For some file or directory operations, you can always resort to using system calls, and thus have to provide different methods for different platforms (of course Fortran provides no standard way to get any information about the platform, so you have to resort to non-standard, possibly compiler-specific, preprocessor directives to do that). For example, to create a directory you could use:

subroutine make_directory(name)

  implicit none

  character(len=*),intent(in) :: name

  call execute_command_line ('mkdir '//name)

end subroutine make_directory

That one was easy because "mkdir" works on macOS, Window, and Linux. See previous post about getting command line calls into strings, which can also be useful for some things like this.

Getting a list of files

How about getting a list of all the files that match a specific pattern? Again, this can be done if you are using the Intel compiler using the IFPORT module GETFILEINFOQQ routine:

function get_filenames(pattern, maxlen) result(list)

  use ifport

  implicit none

  character(len=*),intent(in) :: pattern
  integer,intent(in) :: maxlen
  character(len=maxlen),dimension(:),allocatable :: list

  integer(kind=int_ptr_kind()) :: handle
  type(file$infoi8) :: info
  integer :: length

  allocate(list(0))
  handle = file$first
  do
    length = GETFILEINFOQQ(trim(pattern), info, handle)
    if ((handle==file$last) .or. (handle==file$error)) exit
    list = [list, info%name]
  end do

end function get_filenames

The file$infoi8 type is some super-weird non-standard Intel thing. Note that this example only returns the file names, not the full paths. To get the full path is left as an exercise to the reader.
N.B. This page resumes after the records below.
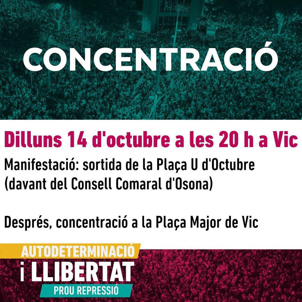 Tindrà lloc avui dilluns, 14 d’octubre, a dos quarts de 7 de la tarda i demanarà l’amnistia pels polítics presos catalans i en defensa del dret d’autodeterminació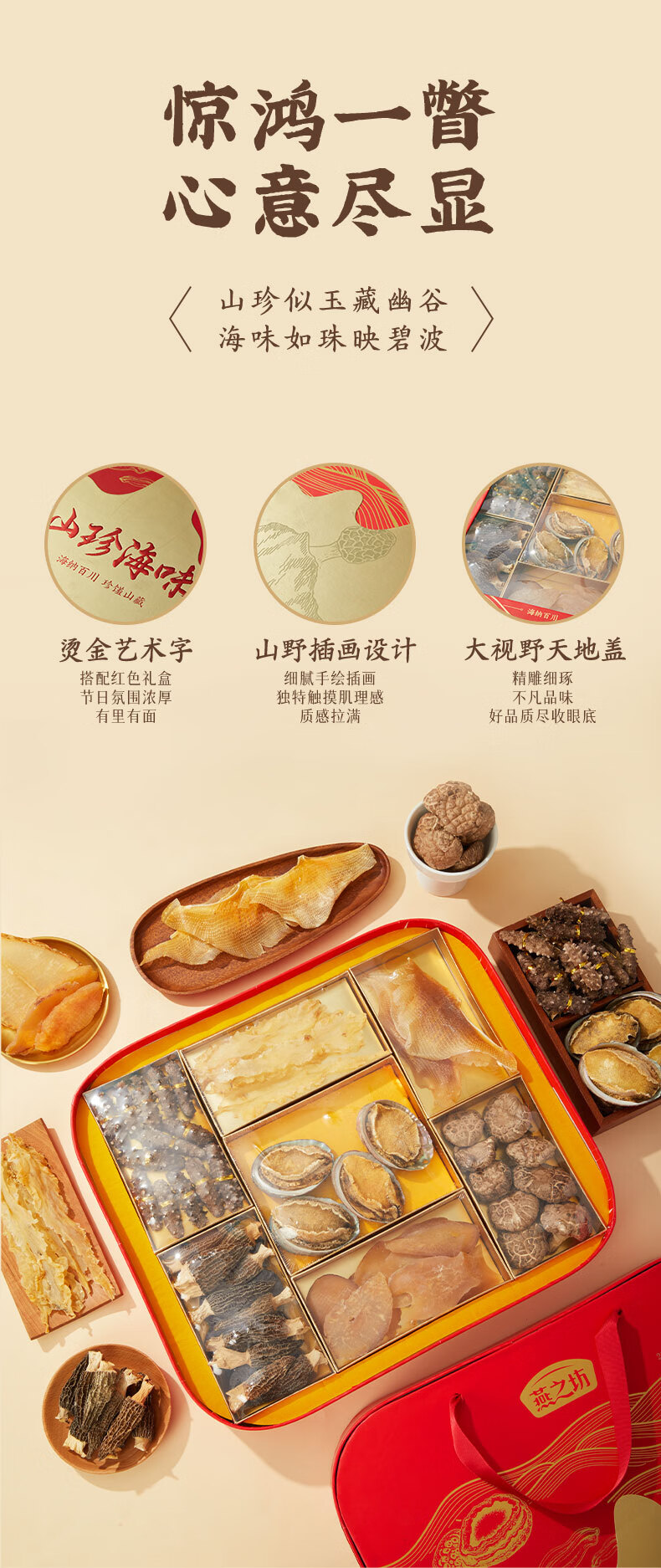八味佳品,齐聚山珍海味;山海赋韵,精致烫金礼盒;礼承东方,敬献诚挚心意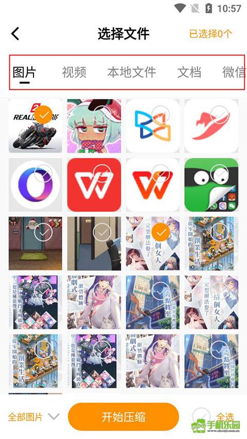 2、手机相册中的照片、视频可轻松选择打包压缩。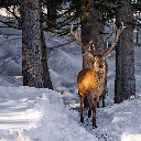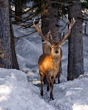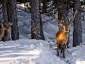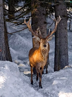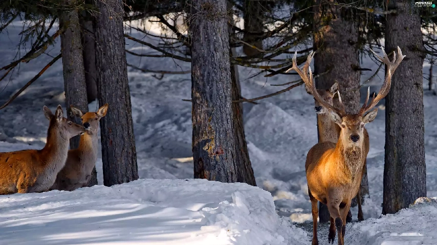 forest, light breaking through sky, deer, winter, deer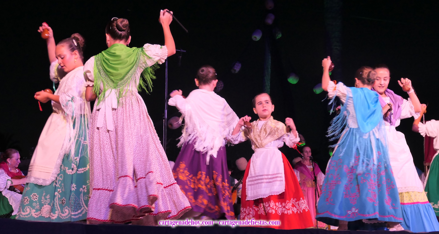 Por el escenario también pasaron tres grupos más, cada uno con su sello de identidad y todos con un espectáculo brillante. Comenzó con ‘Abuela Santa Ana’ de Albacete, continuó con los muricnaos del grupo de coros y danzas ‘Francisco Salzillo’, también de larga trayectoria, y concluyó con un estilo distinto pero igual de brillante a cargo de coros y danzas ‘Villa de Leganés’ de Madrid, aunque en realidad muestra sus raíces de otras tierras, siendo su sede la Casa de Extremadura de la localidad madrileña.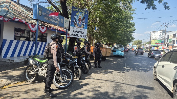 Makassar — Personel Patroli Perintis Presisi Satuan Samapta Polrestabes Makassar Unit Turjawali 633 kembali melaksanakan patroli rutin di sejumlah titik wilayah hukum Polrestabes Makassar, Rabu siang (30/7/2025).
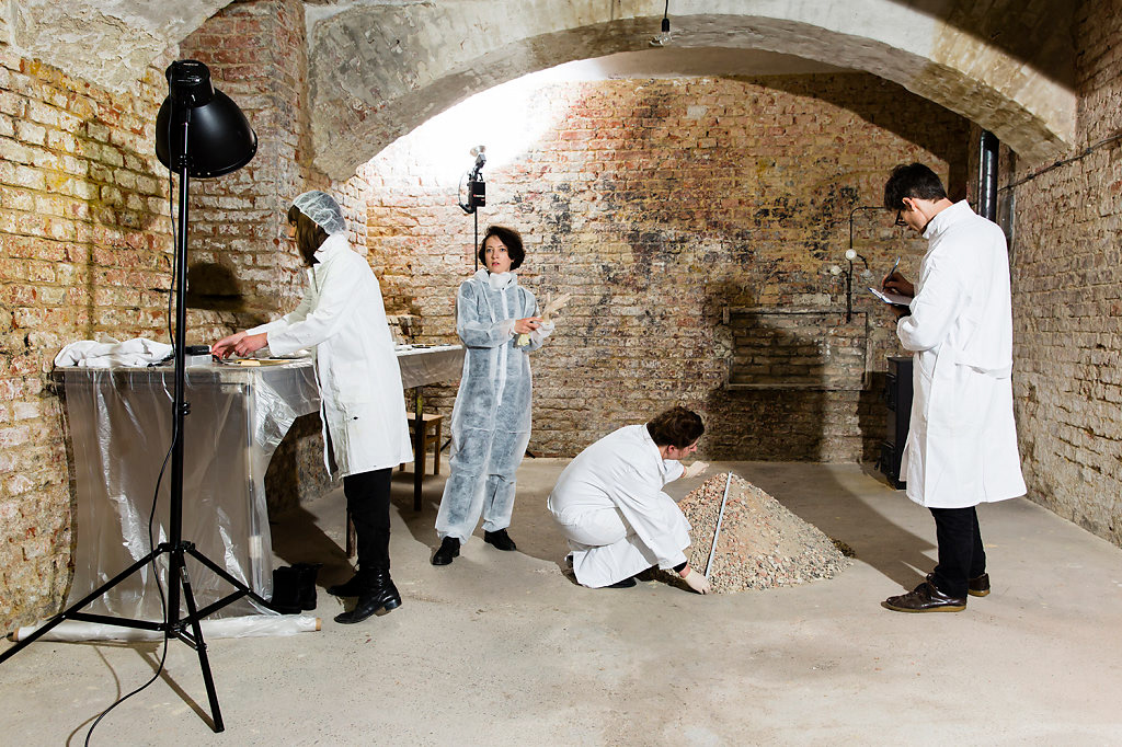 Das Projekt untersucht, unter welchen Bedingungen institutionskritische und prozessbasierte Kunst am historischen Schauplatz des Kellerateliers der Wiener Aktionisten ausgestellt werden kann. Das Kollektiv U+ wählte dafür einen wissenschaftlich-distanzierenden Ansatz: Materialproben des Raums – insbesondere Putzfragmente – wurden gesammelt, präpariert und mikroskopisch untersucht. Diese archäologisch anmutende Vorgehensweise hinterfragt den Objektstatus, die Wertzuschreibung und die konservatorische Logik institutioneller Pflege. Gleichzeitig wurde die Fotografie in ihren verschiedenen Funktionen – dokumentarisch, wissenschaftlich, phänomenologisch und ökonomisch – reflektiert und sichtbar gemacht. Die Arbeit eröffnet einen kritischen Blick auf die sozialen, historischen und medialen Prozesse, die künstlerische Praxis erst ermöglichen und ausstellbar machen.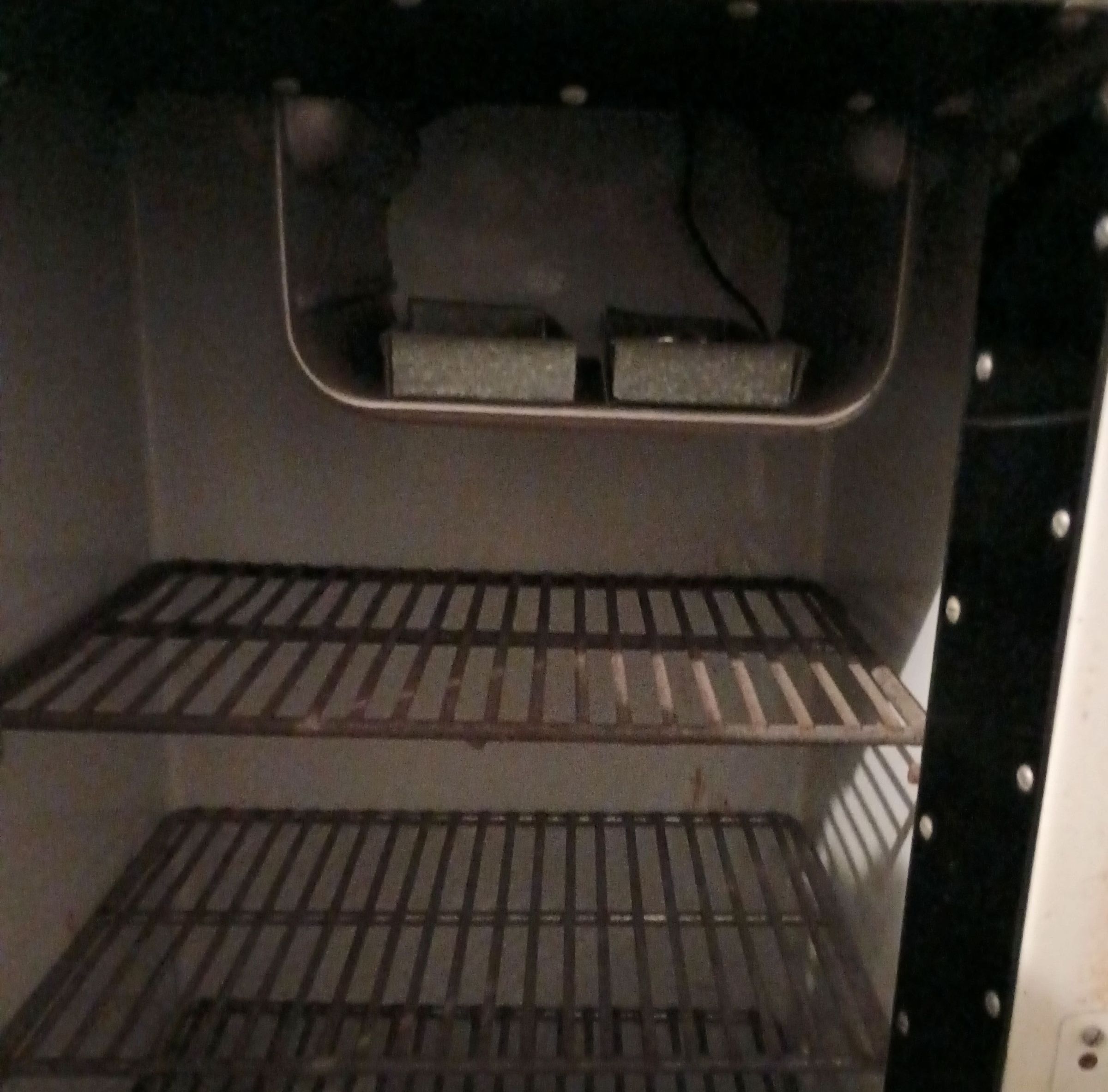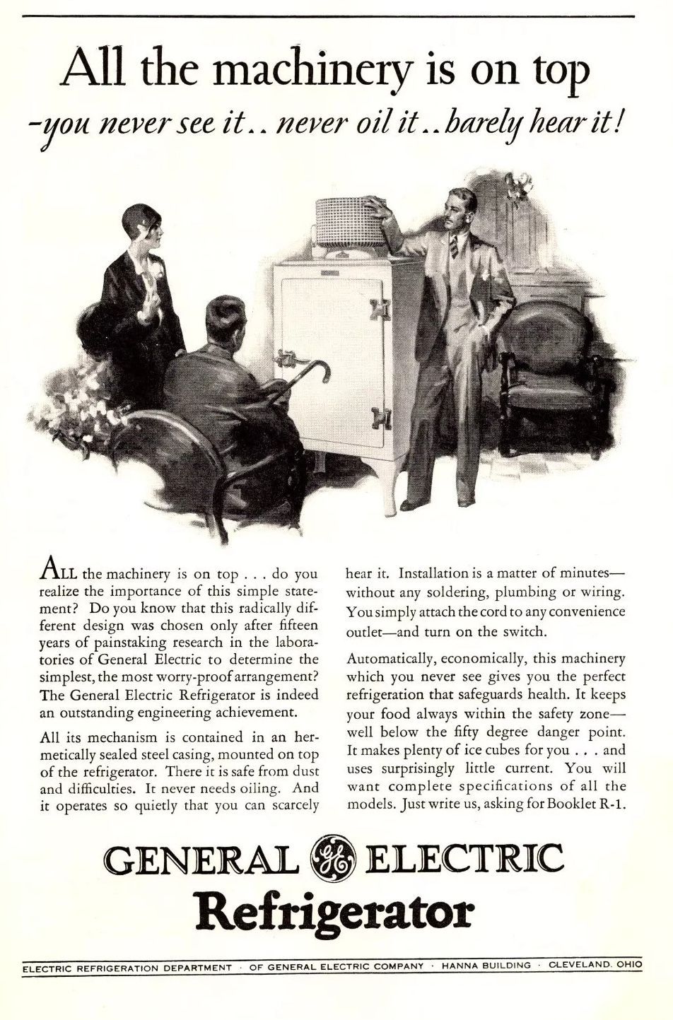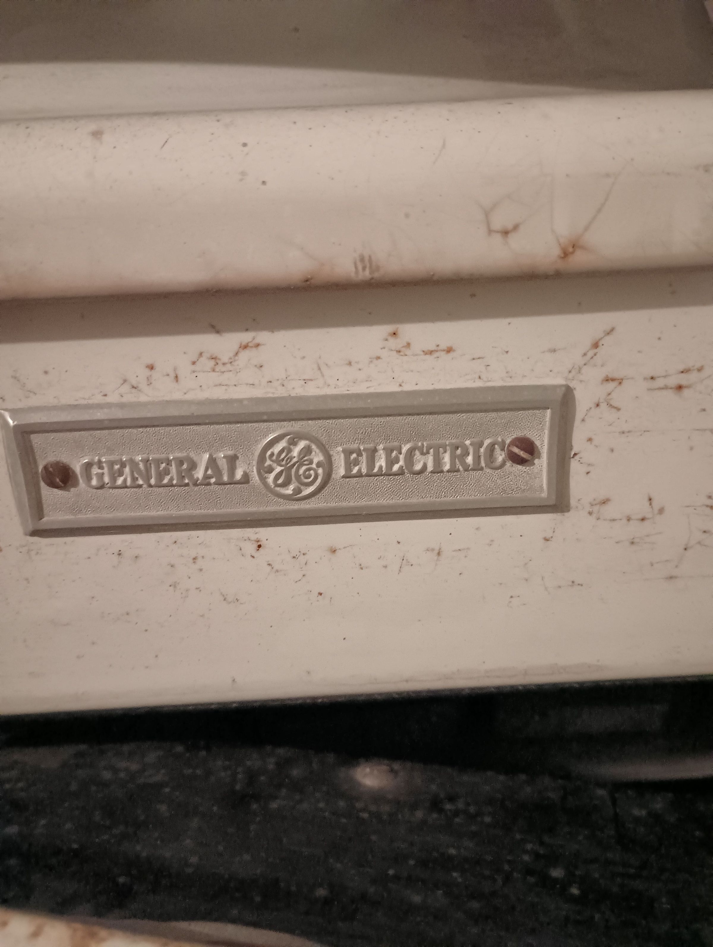 General Electric Monitor Top Refrigerator. White sheet metal. Defrost and temperature control. 3 shelves, 4 door racks. Small freezing compartment. Nickel plated handle catch. Motor is harmonic unit CA1B16 type. Circa 1930

Also note that Fortran doesn't provide a good string class, so we just set a maximum string length as an argument to this function (but note that Intel is only returning a 255-character string anyway).

Final thoughts

There are various libraries out there that can do some of this. For example, M_system (a Fortran module interface for calling POSIX C system routines). Hopefully, a comprehensive set of filsystem routines will eventually make it into the Fortran Standard Library.